A two-alarm fire on May 24 displaced 150 residents of the Oak Hill Terrace Apartments in Penn Valley, putting a scare into many of them as they were awakened in the early morning hours.
Three people were hospitalized for smoke inhalation, including Joan Rayfield.
Rayfield, 80, had to be rescued by firemen after she lost consciousness and collapsed in the hallway on the second floor as she tried to exit the building. She lives in unit 208, directly across from where the fire started.
She remembers walking into the dark, smoky hallway, banging on doors and yelling for help as she tried to find the exit.
“It was getting harder to breathe, and I guess I just gave up and that was it. They told me they found me on the floor,” she said. “It was horrible. I thought I was dead. I came to basically as they were dragging me out of there.”
She was taken to Lankenau Medical Center and administered oxygen. She sustained damage to her esophagus from smoke inhalation, as well as rug burns and scrapes. She is recovering at her son’s Penn Valley home.
Lower Merion Fire Chief Charles McGarvey confirmed the fire started on the second floor in a unit where firefighters encountered hoarding conditions as they attacked the blaze.
“The official cause is undetermined, but it appears to have started on top of the stove,” McGarvey said.
The building, where NBA Hall of Famer Charles Barkley owns a condo, has a large number of Jewish residents.
Susan Baron, an advertising account executive at the Jewish Exponent who lives on the third floor, heard her fire alarm go off at 2:15 a.m. She went downstairs to investigate.

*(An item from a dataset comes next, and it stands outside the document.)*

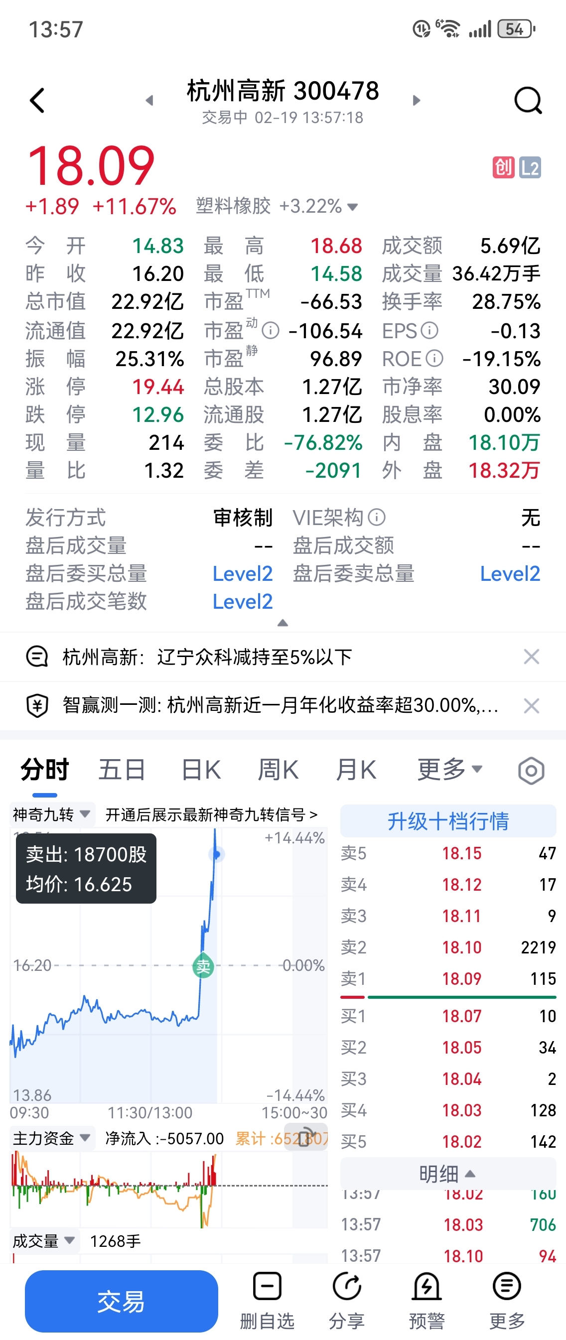 $杭州高新(SZ300478)$ 靠靠靠靠靠
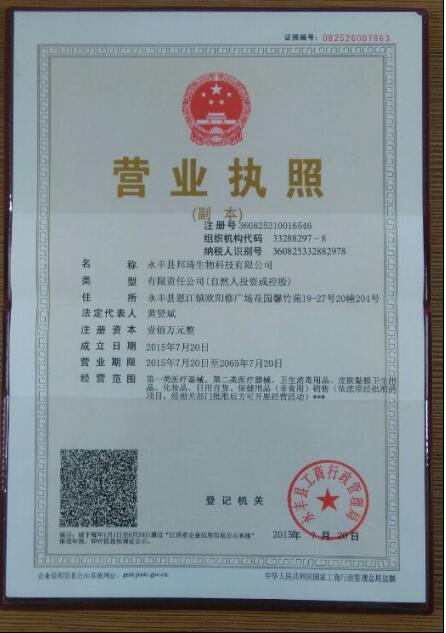 江西邦琦堂生物科技有限公司,主要經(jīng)營(yíng)類醫(yī)療器械、第二類醫(yī)療器械、衛(wèi)生消毒用品、皮膚黏膜衛(wèi)生用品、化妝品、日用百貨、保健用品(非食用)銷售(依法須經(jīng)批準(zhǔn)的項(xiàng)目;經(jīng)相關(guān)部門批準(zhǔn)后方可開展經(jīng)營(yíng)活動(dòng)),于2015年7月20日在吉安工商局登記注冊(cè),業(yè)務(wù)經(jīng)理是黃賢斌,公司注冊(cè)資本100(萬元)。我們有好的產(chǎn)品和專業(yè)的銷售和技術(shù)團(tuán)隊(duì),在公司發(fā)展壯大的1年里,我們?yōu)榭蛻籼峁┖玫漠a(chǎn)品、良好的技術(shù)支持、健全的售后服務(wù),永豐縣邦琦生物科技有限公司是吉安生物制品行業(yè)知名企業(yè),如果您對(duì)我公司的產(chǎn)品服務(wù)有興趣,請(qǐng)?jiān)诰留言或者來電咨詢。

“When I got to the second floor you couldn’t see through the window — it was covered in smoke,” she said. She went outside and called 911.
“I heard the sliding glass door explode from the heat and the flames gushing out (of the apartment),’” she said.
Firemen and police soon arrived on the scene, along with the American Red Cross. The latter organization is providing families with shelter in hotel rooms rather than large indoor spaces like gymnasiums during the coronavirus pandemic.
“We were prepared to issue lodging for everyone who needed it, but everyone there had insurance and had arrangements already made,” said Dave Skutnik, regional communications director for American Red Cross Southeastern Pennsylvania.
“Our disaster responders, who are 90% volunteers, were out there just to provide support, emotional support. It’s really tough on families during COVID-19, and then you put a fire on top of it,” he said.
Jay Steinberg, a former senior leadership philanthropy officer with the Jewish Federation of Greater Philadelphia, was staying with his daughter’s family at the time. He didn’t see the damage until later in the day.
“We had been evacuated before for false alarms, so I didn’t expect it to be this bad,” he said.
Lois Kaminsky was staying at her second home in Margate, New Jersey, when the fire occurred. Her business, Home Care Options, which she runs from home, is now displaced. She returned to her second-floor apartment to recover files and was overcome by the smell.
“I was wearing double masks because of COVID-19, but the smell was beyond. I’ve never smelled anything like it,” she said.
She’s in the process of transferring her agency, which provides home care for the elderly and disabled, to her house in Margate.
For other residents, finding new housing was complicated by the coronavirus pandemic. Many are staying at the Marriott Hotel in Conshohocken.
“We’re very lucky. We’re trying our best to make it a home the best that we can,” Betsy Klausman said of the hotel room where she and her husband, Michael, are staying.
“There are no services. No maid service, no restaurant, no bar, no room service. The only thing we have is a room. Consequently, I am making the beds, and my husband is spraying the bathroom with Lysol,” she said.
The couple has made trips back to their apartment to pick up essential items.
“The second floor where the fire took place looks like a war zone,” she said.